Unfortunately I wasn't seeing the funny side, I was still mixed up. "But I want her to do it to me as well Jo. I never wanted you to do that to me. What we did was always enough, enough to satisfy my feelings for you. You never wanted to do that to me did you?"

"No, I didn't. I enjoyed it when we did the DP thing with Mike but, oh this is difficult isn't it, I wasn't getting pleasure from having you myself. My pleasure came from seeing you DP'd with Mike inside you and from the stimulants on the strap-on. I wasn't even thinking of taking YOU that way.

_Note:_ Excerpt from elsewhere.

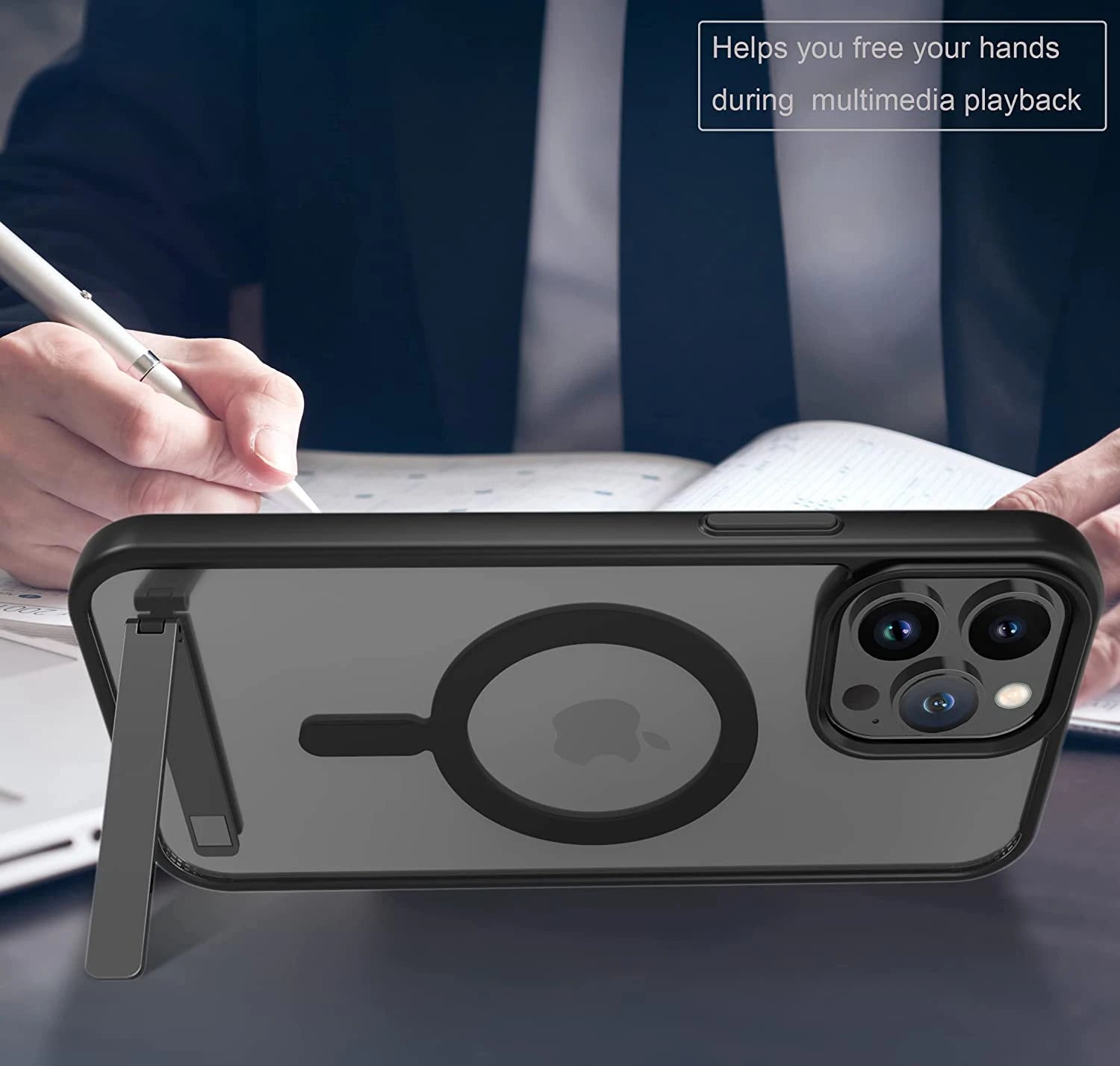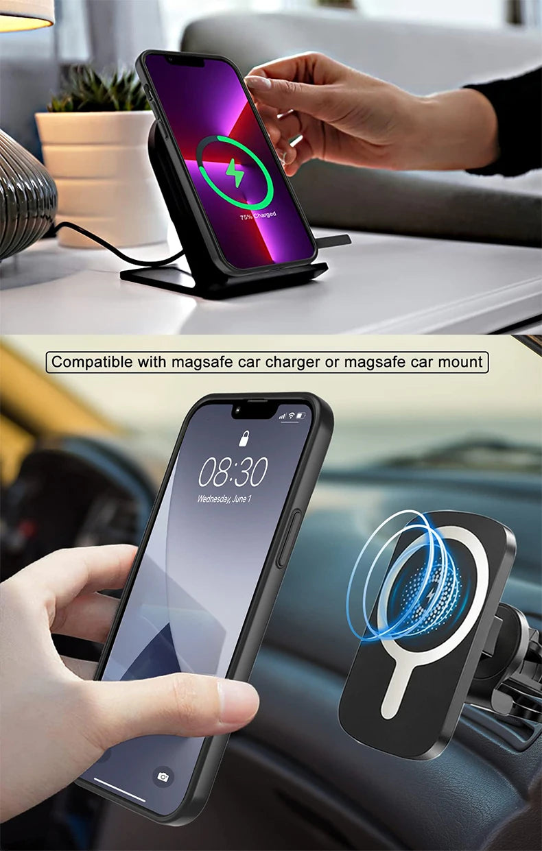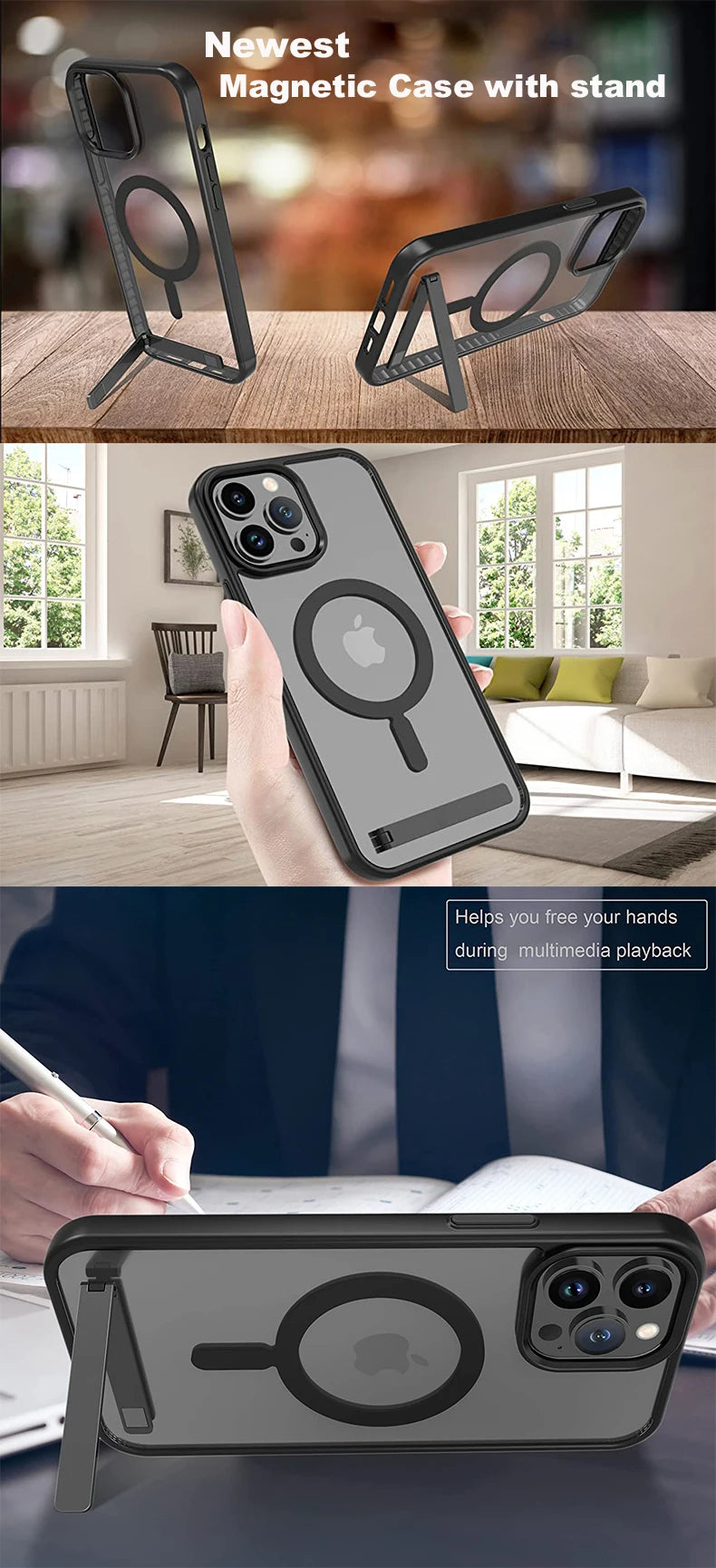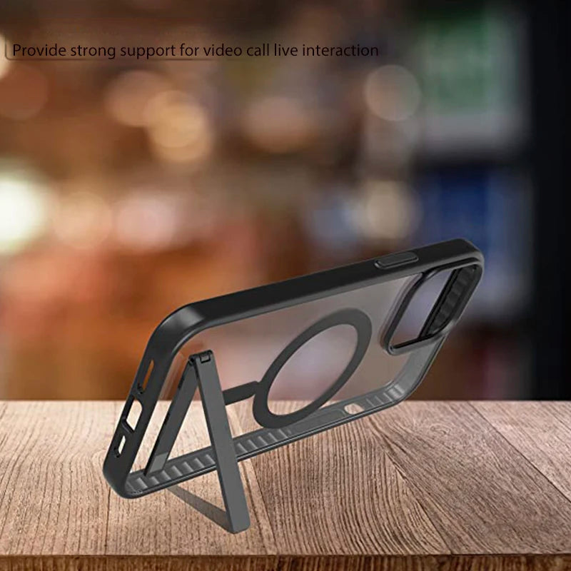 Magnetic Phone Cases with Stand for iPhone 17 Mobile Case Clear Black Cover with Kickstand

I love you Lena and I've never felt that I wanted to do that even after seeing it in the films.

"Look," she said, "I think it's all part of the fact that you both feel so strongly about Mike. I think that, somehow, his feelings are being, I don't know, transmitted if you like, to you. This means you look at Gianna in some ways how he looks at her. I know your feelings about her are mixed up anyway, aren't they?"

"Mmm," I said thoughtfully, "sometimes I think of her as my mum, sometimes like you, a sort of older sister, and sometimes I fancy her like hell."